START Recorded information

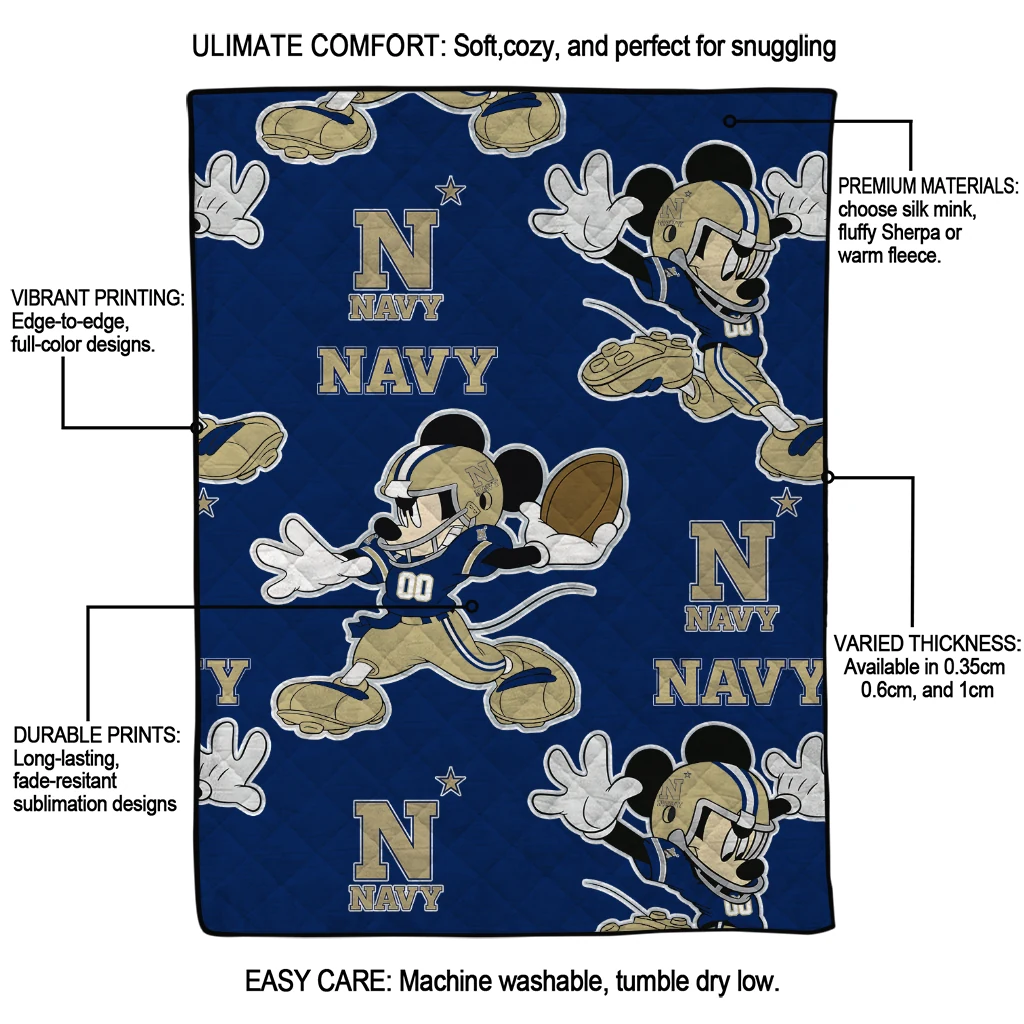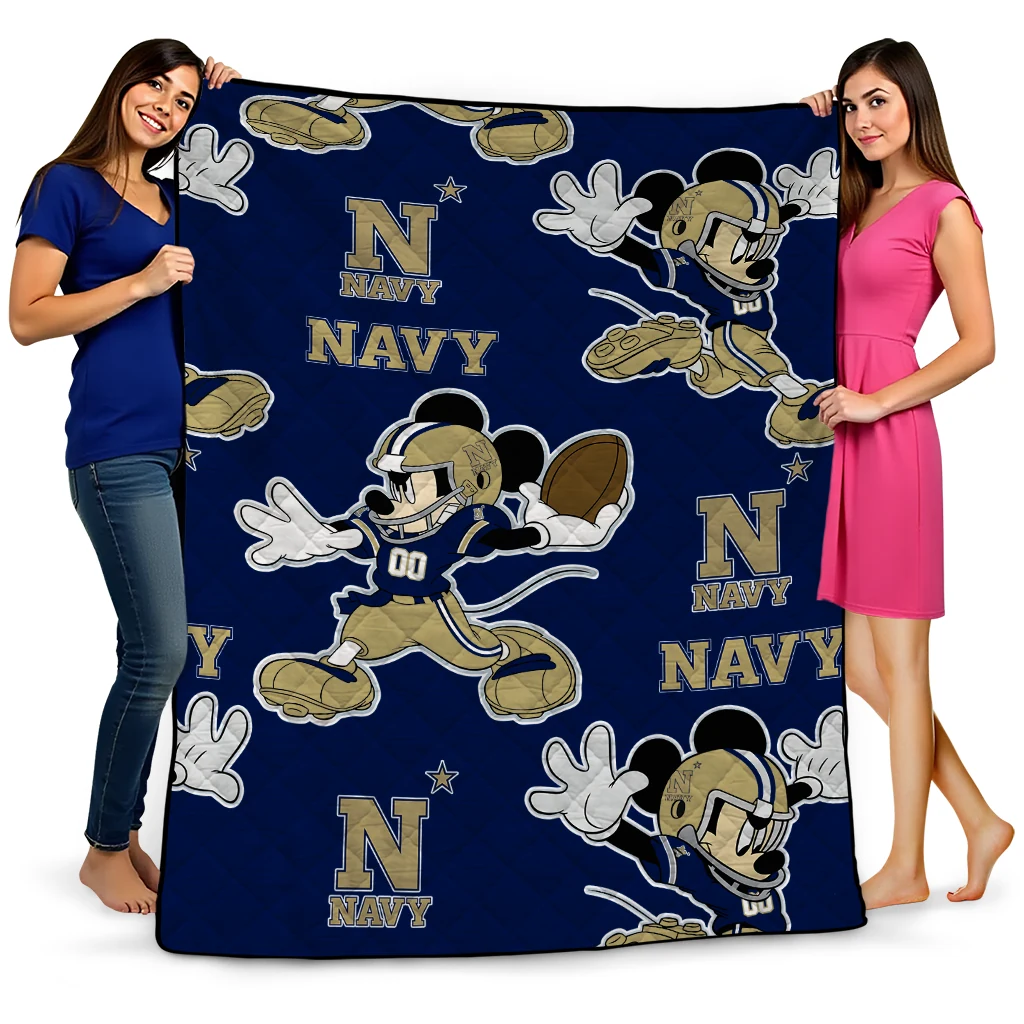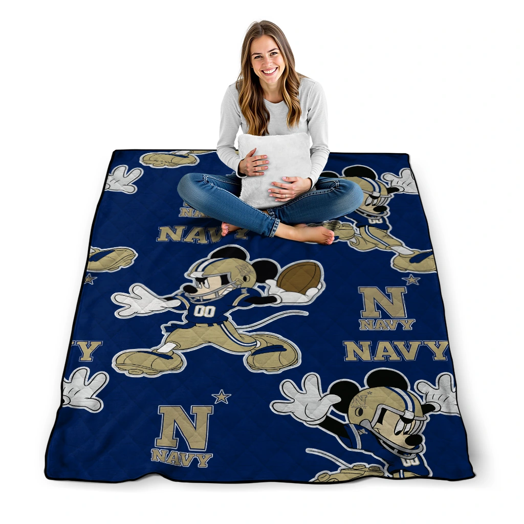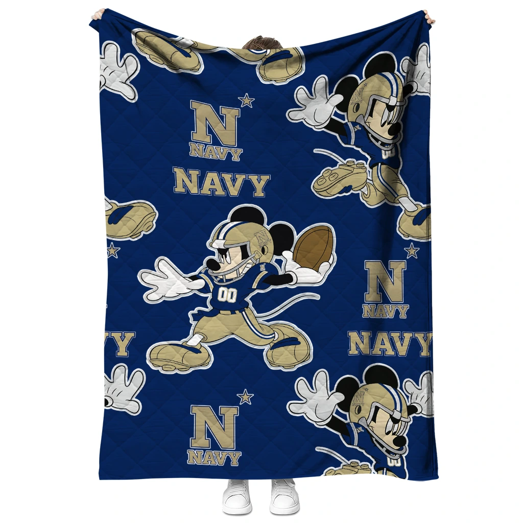 Personalized Navy Midshipmen Mickey Football Blue Quilt Blanket
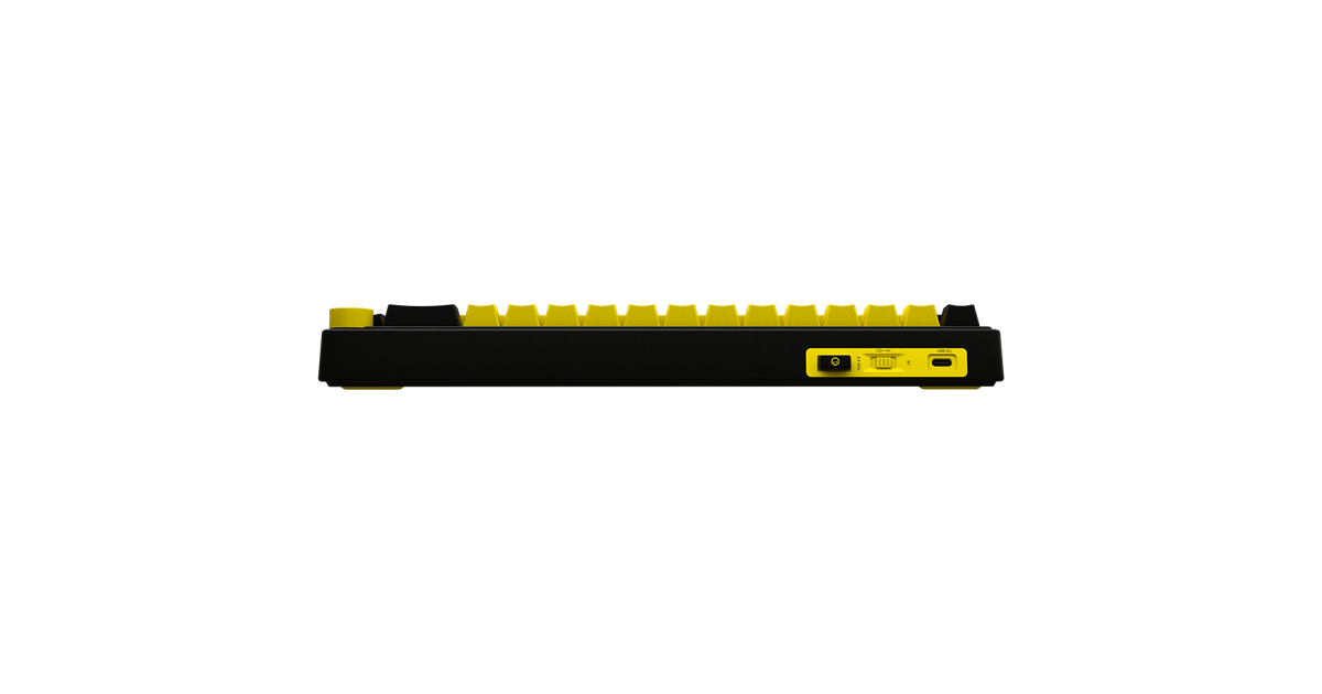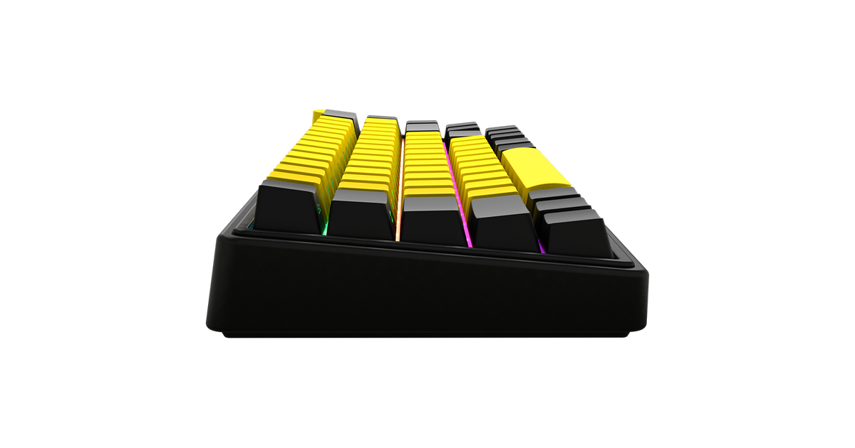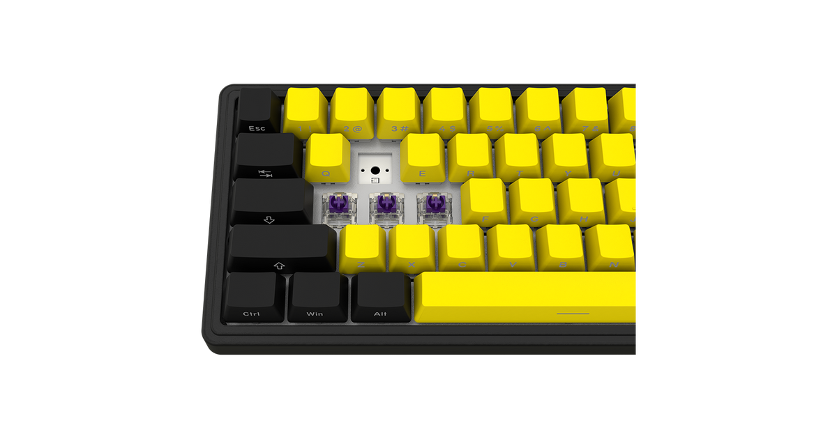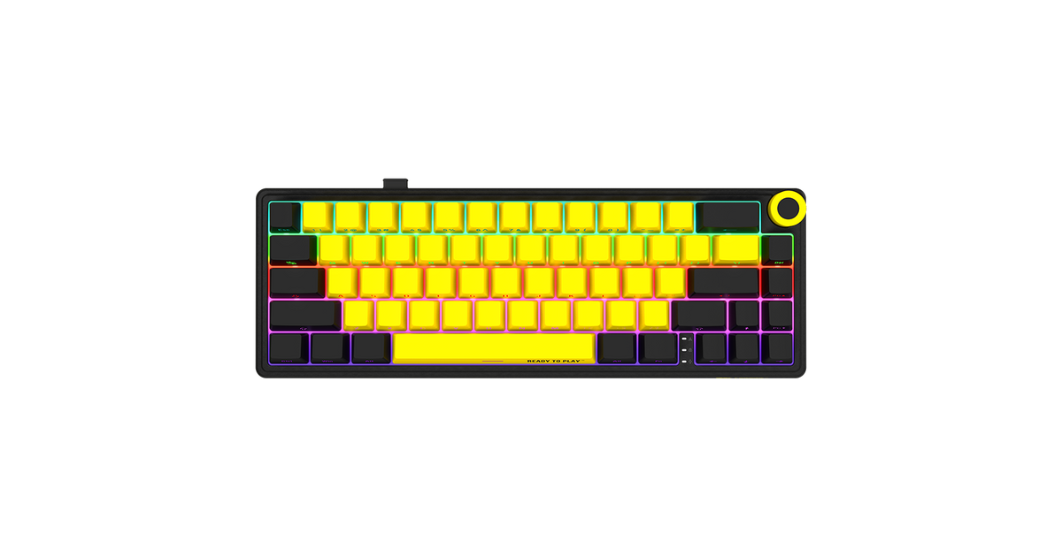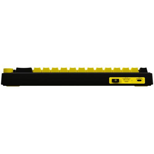 Wireless mechanical gaming keyboard Pro, 2.4 GHz, BT, RGB Backlight, 16 modes, 66 keys, 50M presses, linear Lorgar Toxic Purple switches, multimedia knob, built-in 3750 mAh battery, Hot Swap, Gasket mount, spring cable 2.3m, black yellow
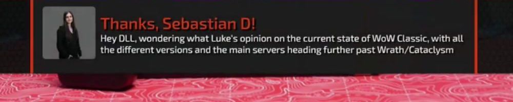 Thanks, Sebastian D! Hey DLL, wondering what Luke's opinion on the current state of WoW Classic, with all the different versions and the main servers heading further past Wrath/Cataclysm

END Recorded information

### [Exercise directions]
Restate the whole listing word for word. Omit the pictures.

### [Exercise result]
 Personalized Navy Midshipmen Mickey Football Blue Quilt Blanket
 Wireless mechanical gaming keyboard Pro, 2.4 GHz, BT, RGB Backlight, 16 modes, 66 keys, 50M presses, linear Lorgar Toxic Purple switches, multimedia knob, built-in 3750 mAh battery, Hot Swap, Gasket mount, spring cable 2.3m, black yellow
 Thanks, Sebastian D! Hey DLL, wondering what Luke's opinion on the current state of WoW Classic, with all the different versions and the main servers heading further past Wrath/Cataclysm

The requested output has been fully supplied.